Knowing the primary function of residual HCPs, especially those with proteolytic and binding capacity, would help us understand how these HCPs might affect the integrity of the purified product if they were present through the purification train. Therefore, the primary biological function of the residual HCPs in Fig. 5(b) was searched in the UniProt database (http://www.uniprot.org/), and HCPs were categorized into 15 broad groups (Supplementary Table S1). Our previous work showed that TDS reduced the number of proteases and chaperones at harvest by 44% and 27%, respectively (protease and chaperone species are summarized in Table 2 and Table 3, respectively). Nonetheless, our current analysis showed that protein A purification cleared all proteases and chaperones from the HCCF of the control cultures. No problematic HCPs were detected in post-protein A samples. In contrast, mild hypothermic cultures, which produced less problematic HCPs at harvest, contained a protease and a chaperone after purification. The protease is 26S proteasome non-ATPase regulatory subunit 1, which is a regulatory subunit of the 26-proteasome involved in the ATP-dependent degradation of ubiquitinated proteins. The chaperone is large proline-rich protein BAG6, which plays a crucial role in various processes such as apoptosis, insertion of tail-anchored (TA) membrane proteins to the endoplasmic reticulum (ER) membrane and regulation of chromatin. Currently, we do not know why problematic HCPs co-eluted with the mAb from mild hypothermic cultures more strongly than that from the control.

Table 2.

Proteases. Summary of HCP species that possess proteolytic capacity in HCCF of bioreactors operated at 36.5°C and 32°C from day 5.

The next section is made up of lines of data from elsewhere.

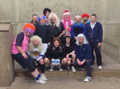 Congratulations to Graham Pulsford who won Aldenham Fives Club's fancy dress Fives Christmas competition last night (18 December). Players were asked to dress up with the theme of 'hair'. Most chose wigs which proved very itchy but Richard Dennis won a Mars Bar for remaining bewigged for all four of the 20 minute games.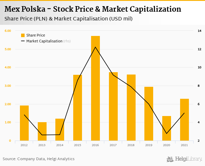 Mex Polska stock traded at PLN 2.30 per share at the end 2021 implying a market capitalization of USD 5.02 mil.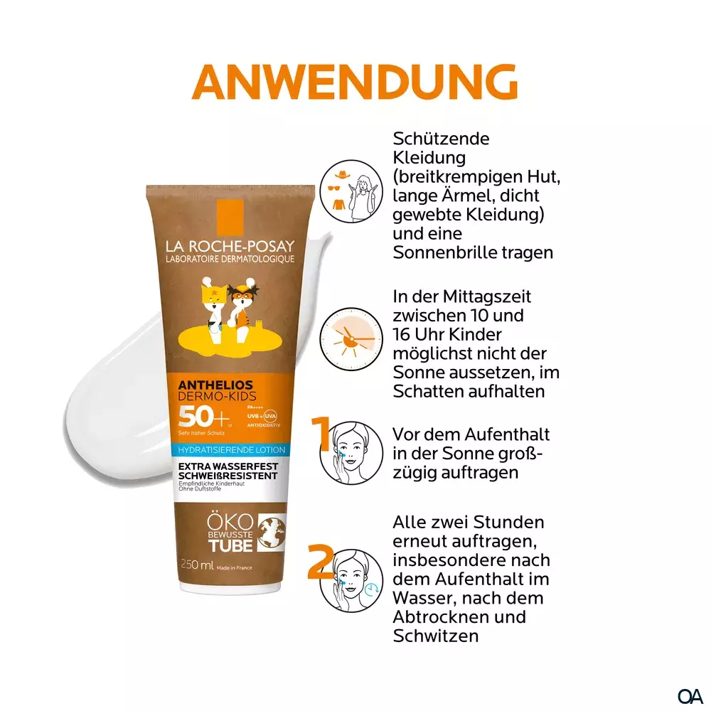 - Die La Roche Posay Anthelios Dermo-Kids Milch LSF 50+ unmittelbar vor dem Sonnenbaden großzügig auf Gesicht und Körper auftragen. Die Allergiker Sonnencreme regelmäßig erneut auftragen - insbesondere nach dem Baden, Schwitzen oder Abtrocknen. Dabei die Augenpartie aussparen. Babys und Kleinkinder sollten nicht der direkten Sonneneinstrahlung ausgesetzt werden. Die Mittagssonne meiden. Zusätzlich sollten Babys und Kleinkinder mit weiteren Sonnenschutzmaßnahmen geschützt werden, wie beispielsweise einer Kopfbedeckung, Sonnenbrille und spezieller UV-Kleidung.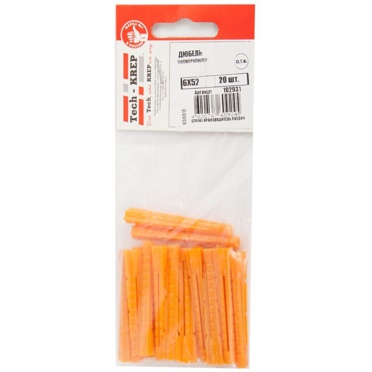 Дюбель универсальный 6х52 без бортика (20 шт) - пакет ( 0,018 кг) | 102931 Tech-KREP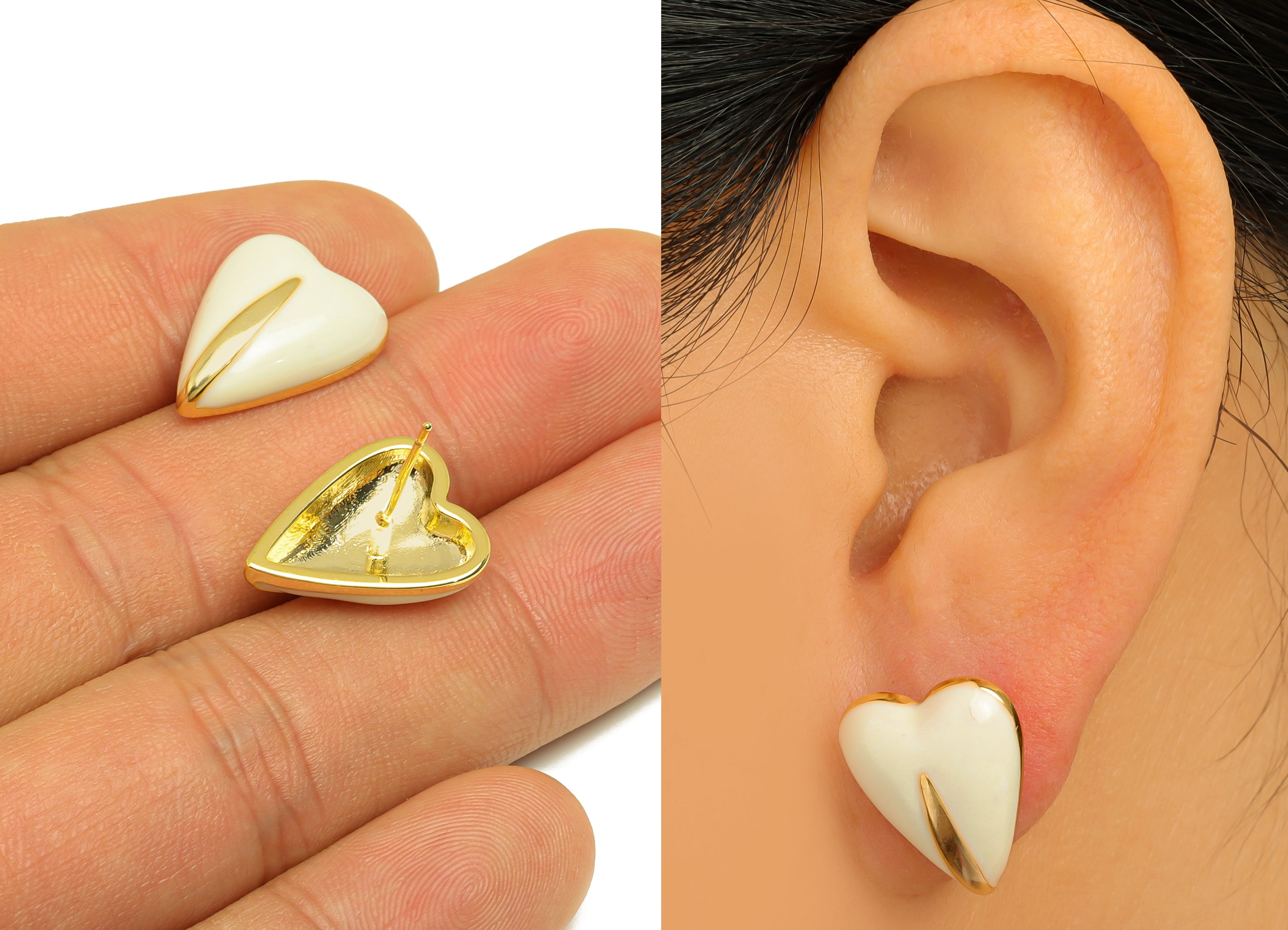 材质:黄铜 - 仿银耳钉 - 珐琅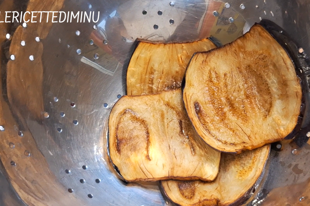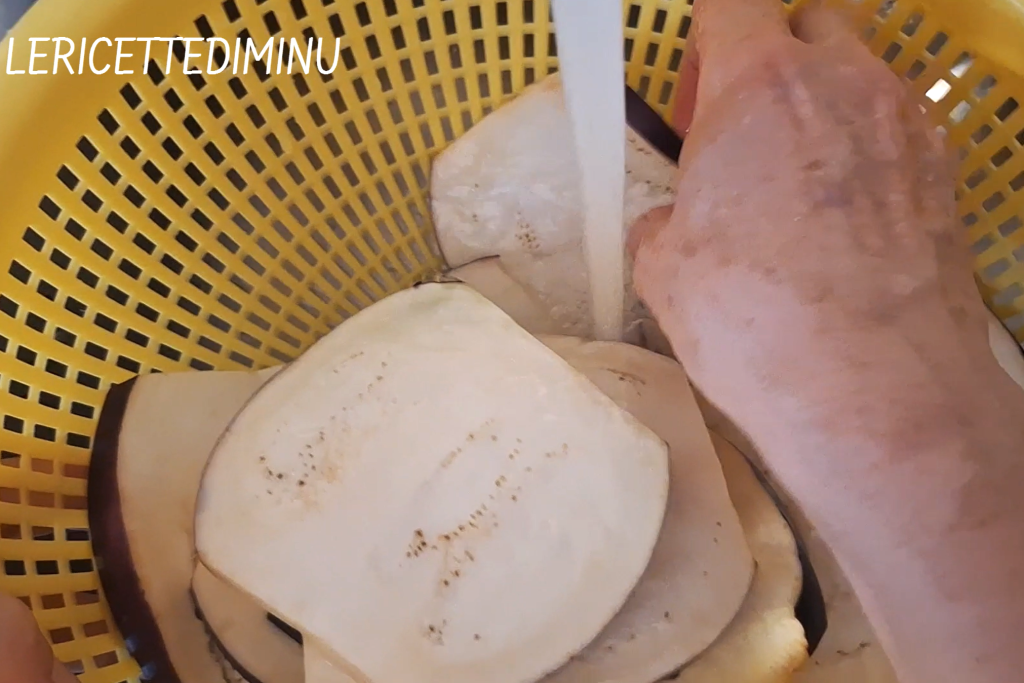 Nicht zu lange stehen lassen, um zu vermeiden, dass die Auberginenscheiben zu viel Salz aufnehmen.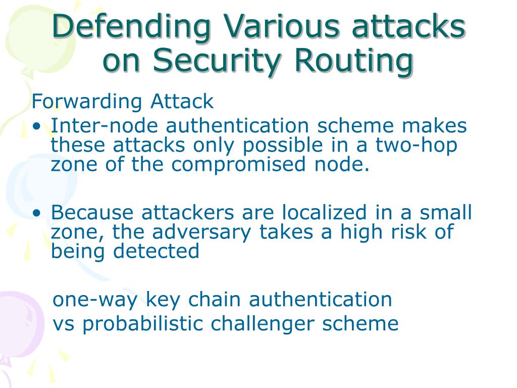 Defending Various attacks on Security Routing Forwarding Attack • Inter-node authentication scheme makes these attacks only possible in a two-hop zone of the compromised node. • Because attackers are localized in a small zone, the adversary takes a high risk of being detected one-way key chain authentication vs probabilistic challenger scheme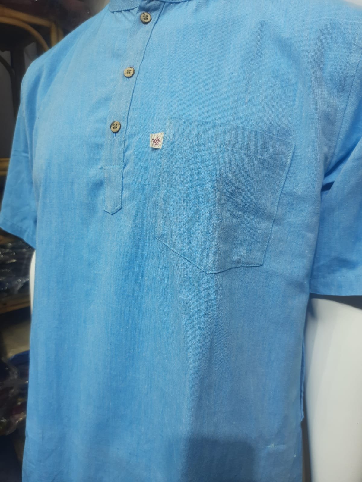 This cool blue short kurta is perfect for everyday wear. Made from pure handloom cotton, it keeps you light and comfortable even on the hottest days. The soft fabric, mandarin collar, and wooden buttons give it a smart and simple look. Whether it’s for office, casual outings, or daily use, this kurta is easy to wear and style with pyjamas or jeans—any day of the year.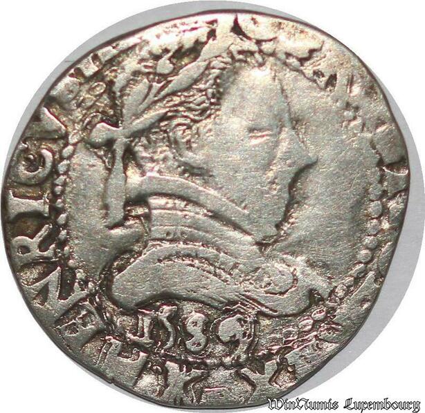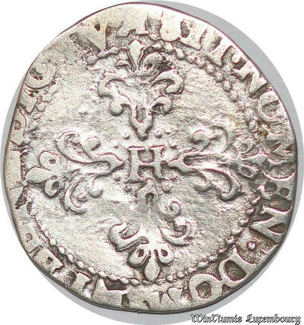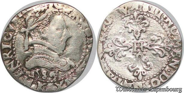 S1117 France Rare Demi Franc au col plat Henri III 1589 K Bordeaux Argent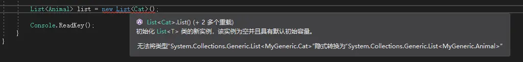 1 List<Animal> list = new List<Cat>();可能有人会认为是正确的:因为一只Cat属于Animal,那么一群Cat也应该属于Animal啊。但是实际上这样声明是错误的:因为List<Cat>和List<Animal>之间没有父子关系。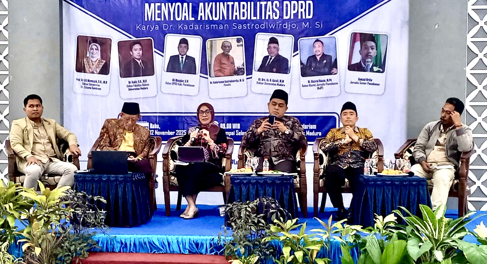 Penulis buku hadir langsung bersama enam tokoh yang turut menjadi pembedah, di antaranya Rektor Universitas Dr. Soetomo Surabaya, Prof. Dr. Siti Marwiyah, Dekan Fakultas Hukum UNIRA, Dr. Nadir, Ketua DPRD Pamekasan, Ali Masykur, Rektor UNIRA Dr. Drs. Ec. H. Gazali, Ketua AJP M. Khairul Umam, dan jurnalis senior Pamekasan, Samsul Arifin.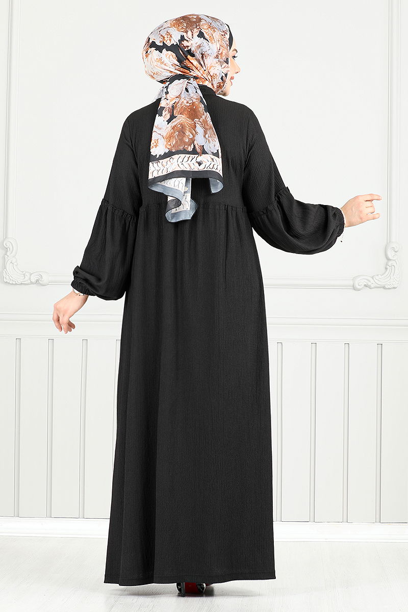 The Buttoned Front Crimp Dress is a hijab-friendly model that can be comfortably worn in all seasons. This product, which requires gentle washing, can be washed at 30 degrees and maintains elegance with its special crimp fabric. It offers a modern look with a semi-mandarin collar and front button details. Its lining-free design and stitched waist detail increase comfort, while the elasticated cuffs make it easy to wear. The model is size 38.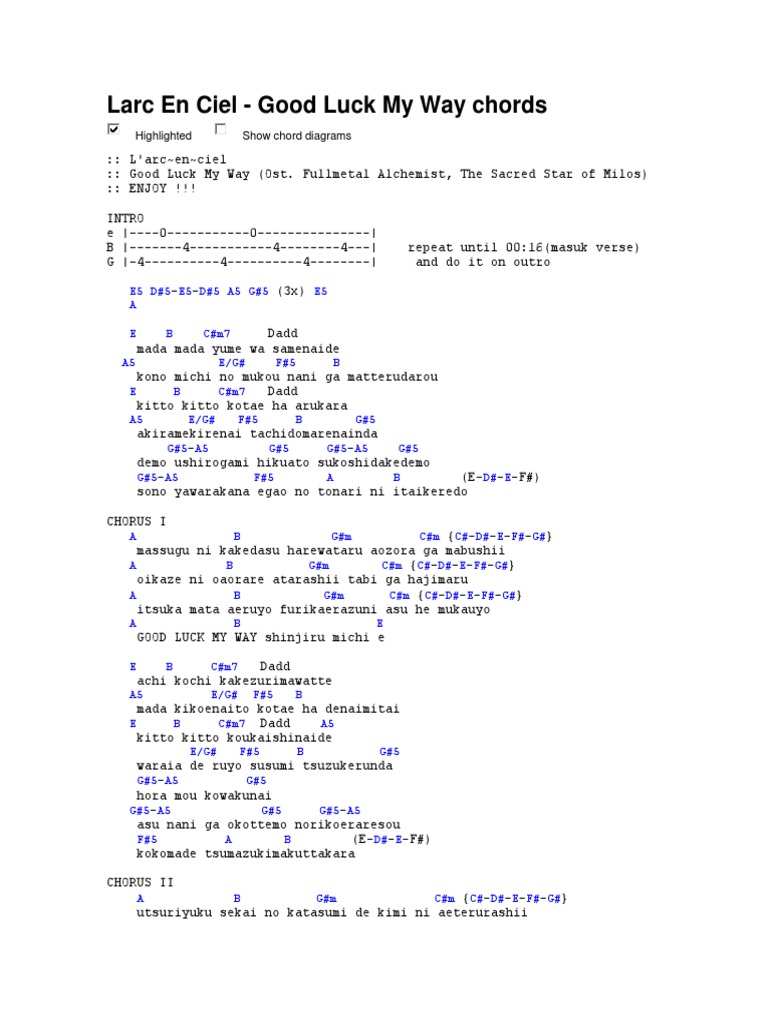 L Arc En Ciel Good Luck My Way Chords Soumaontheblog

#	UniProt ID	Proteases	Location	MW (kDa)	pI	36.5°C HCCF	32°C HCCF
1	O88761	26S proteasome non-ATPase regulatory subunit 1	Uncharacterized	106.8	5.2	✓	✓
2	P15156	Calcium-dependent serine proteinase	Secreted	79.0	4.8	✓	✓
3	Q9JHI0	Matrix metalloproteinase-19	Secreted	59.3	7.8	✓	✓
4	Q9QZK5	Serine protease HTRA1	Secreted	52.2	8.5	✓	✓
5	P69525	Transmembrane protease serine 9	Cell membrane	116.7	8.9	✓	✓
6	O89017	Legumain	Lysosome	49.8	5.9	✓
7	B1ATG9	Metalloprotease TIKI2	Cell membrane	57.7	6.6	✓
8	Q14C59	Transmembrane protease serine 11B-like protein	Cell membrane	47.2	8.9	✓
9	Q5QSK2	Transmembrane protease serine 11G	Cell membrane	47.1	9.5	✓

Table 3.

Chaperones. Summary of HCP species that possess folding capacity and their presence in HCCF of cell cultures at 36.5°C and 32°C from day 5.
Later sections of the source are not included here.